To do: In the data below, the answer is the run of lines from the line containing "الشيخ محمد بن زايد مستقبلاً" through the line containing "بحث رئيس دولة", both included; print it exactly and nothing else.

++++ Records supplied

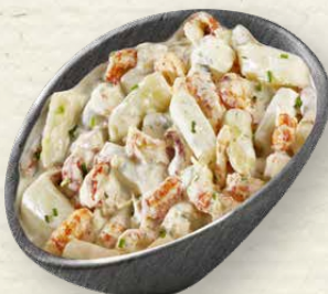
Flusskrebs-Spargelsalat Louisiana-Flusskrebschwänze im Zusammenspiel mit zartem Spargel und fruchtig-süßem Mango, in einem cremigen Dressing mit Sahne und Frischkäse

++++++++
++++ Records supplied

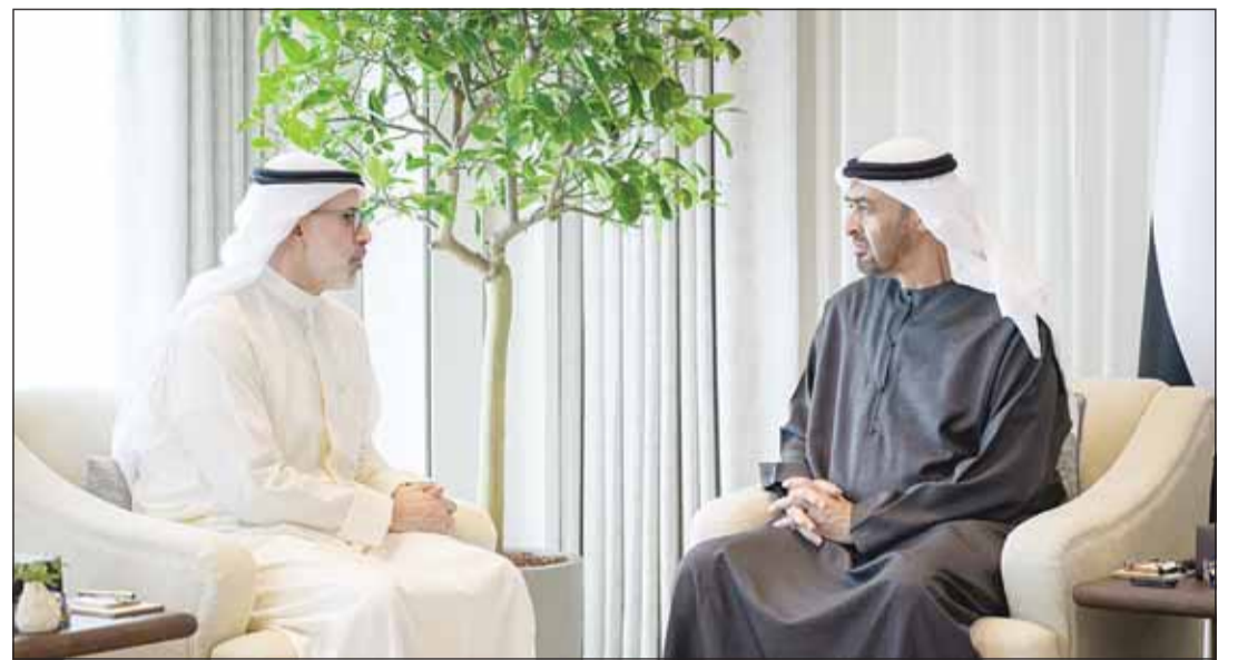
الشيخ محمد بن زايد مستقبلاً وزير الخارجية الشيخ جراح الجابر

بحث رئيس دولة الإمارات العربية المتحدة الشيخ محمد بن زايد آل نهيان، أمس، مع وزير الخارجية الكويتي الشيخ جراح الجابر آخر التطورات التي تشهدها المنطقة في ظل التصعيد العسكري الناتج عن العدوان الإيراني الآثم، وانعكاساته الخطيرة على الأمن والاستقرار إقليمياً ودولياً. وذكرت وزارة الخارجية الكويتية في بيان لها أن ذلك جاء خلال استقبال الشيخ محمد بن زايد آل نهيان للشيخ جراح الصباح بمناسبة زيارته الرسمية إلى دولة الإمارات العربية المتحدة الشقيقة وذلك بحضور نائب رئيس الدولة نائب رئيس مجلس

++++++++

Task answer:
الشيخ محمد بن زايد مستقبلاً وزير الخارجية الشيخ جراح الجابر

بحث رئيس دولة الإمارات العربية المتحدة الشيخ محمد بن زايد آل نهيان، أمس، مع وزير الخارجية الكويتي الشيخ جراح الجابر آخر التطورات التي تشهدها المنطقة في ظل التصعيد العسكري الناتج عن العدوان الإيراني الآثم، وانعكاساته الخطيرة على الأمن والاستقرار إقليمياً ودولياً. وذكرت وزارة الخارجية الكويتية في بيان لها أن ذلك جاء خلال استقبال الشيخ محمد بن زايد آل نهيان للشيخ جراح الصباح بمناسبة زيارته الرسمية إلى دولة الإمارات العربية المتحدة الشقيقة وذلك بحضور نائب رئيس الدولة نائب رئيس مجلس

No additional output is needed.